Cell Phone Corporations Help Government
and Law Enforcement Spy on You



Activist Post
July 13, 2012
By Susanne Posel, Contributor
Chief Editor of Occupy Corporatism

  Your wireless company is tracking you with GPS,
  recording your phone calls and text messages... and
  they are selling the information, they collect, to
  other corporations, nations, governments — anyone
  willing to pay for the data. The US government is
  one of the wireless corporations' biggest clients.
  They are collecting yotabytes of data from multiple
  sources on all American citizens.

  Congressman Ed Markey compiled a report with
  information from numerous cell phone corporations,
  that showed, just how much data law enforcement
  receives from prominent cell phone carriers.

AT&T, Sprint, Verizon and T-Mobile were requested to hand over personal client data to federal agencies and local law enforcement at an alarming rate.

  • 1.3 million = total number of law enforcement requests for “text messages, caller locations and other information in the course of investigations”
  • 116 = average number of requests, the tiny Cricket fields each day
  • 700 = average number of requests, AT&T fields each day
  • 1,500 = average number of requests, Sprint fields each day
  • $8.3 million = total amount in bills, that AT&T sent to law enforcement and government agencies to comply with their requests (That was up from $2.8 million in 2007.)

Sprint, catering to the illegal data mining of government agencies, has also made their job easier by providing an automated web interface specifically designed for law enforcement, which allowed them to retrieve more public information, than from any other cellular phone carrier.

The Obama administration is attempting to force a rewrite of Congressional law regarding cellular phone privacy rights. In United States v. Jones Americans have protection under the US Constitution against GPS surveillance by local law enforcement and federal agencies under the 4th Amendment.

Because of the information, that can be obtained from GPS technology and cellular phone devices, a search warrant was an absolute requirement. Law enforcement would typically make a request for multiple forms of data from one particular person under the guise of hunting down a bank robber or serial killer.
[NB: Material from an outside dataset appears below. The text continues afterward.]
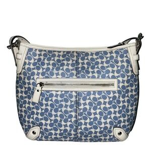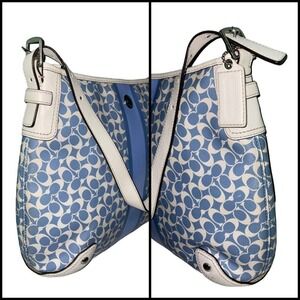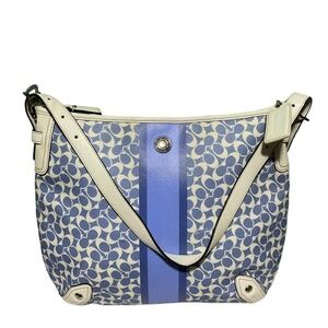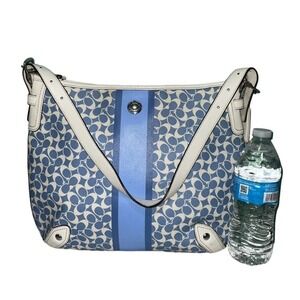 Coach Signature Logo Heritage Stripe Coated Canvas Tote Bag Blue White # F16191

However, these claims were more often, than not erroneous and simply a formality to justify the data mining.

Text messages are like gold to the federal and local agencies retrieving information on citizens, because it is cheaper for them to obtain from the cellular phone corporations. As the rise in requests continues, the requests for legal wiretapping decreases. Simply put: why jump through legal hoops to get information, when the corporations readily give it to law enforcement at the expense of the privacy of their clients?

While the US Supreme Court ruled, that law enforcement must obtain a warrant, before tagging a car with a GPS tracker, the cellular phone laws are still murky and up to interpretation.
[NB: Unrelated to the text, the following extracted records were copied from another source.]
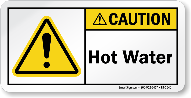Prevent accidental injuries and make sure that everyone stays cautious of hot water in your facility. This ANSI Caution label will help communicate the message.
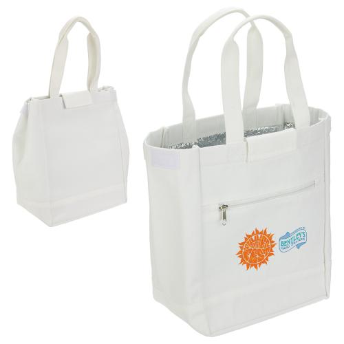 Enjoy lunch with our Schooner RPET canvas lunch tote! Made from recycled plastic bottles, this 280GSM eco-friendly tote showcases both style and practicality. The silver reflective thermal insulated interior lining keeps your meal cool, ensuring a delightful lunch experience. The spacious main compartment fits food containers and drinks. The sturdy 15-inch handles provide a comfortable grip for carrying. Its compact design allows for effortless storage in your bag or backpack when not in use.
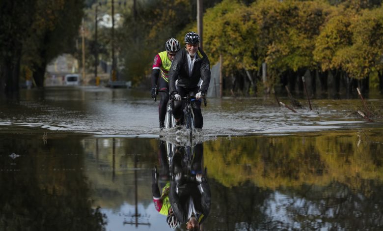 En California, donde una persona fue encontrada sin vida dentro de un vehículo sumergido por las inundaciones el sábado, las autoridades se preparaban para más precipitaciones mientras aún lidian con anegaciones y pequeños deslizamientos de tierra ocasionados por una tormenta anterior.
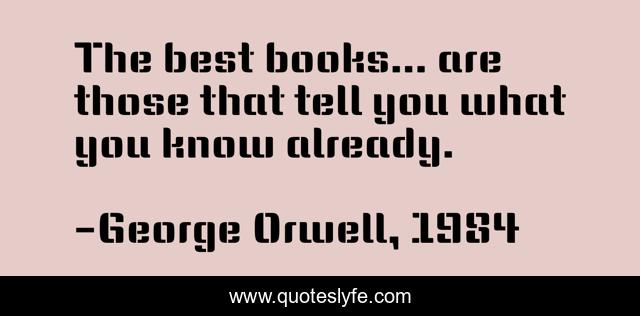 This page presents the quote "The best books... are those that tell you what you know already.". Author of this quote is George Orwell, 1984. This quote is about books, reading,.

In the UK the UK Home Office (UKHO) have admitted, they are spying on their citizens in an expansion of MI5 data surveillance laws.

A proposed bill, if passed, would place massive amounts of personal data into the hands of the British government. How they use that data, is purely at their discretion. Internet companies will have to install hardware enabling GCHQ — the government’s electronic “listening” agency — to examine “on demand” any phone call made, text message and email sent and website accessed in “real time".

Smartphones and social media can also be used to engage otherwise unknown material about whomever the authorities want to survey. All of this data is conveniently stored on most modern cell phones. Cell phones are our most beloved technology. Everyone has one and could not live without it. And those, who are in government and law enforcement, have turned them into spying devices, because it is just too easy. We pay for the phone. We pay for the service. And it has been turned into a Big Brother control, that strips us of our privacy.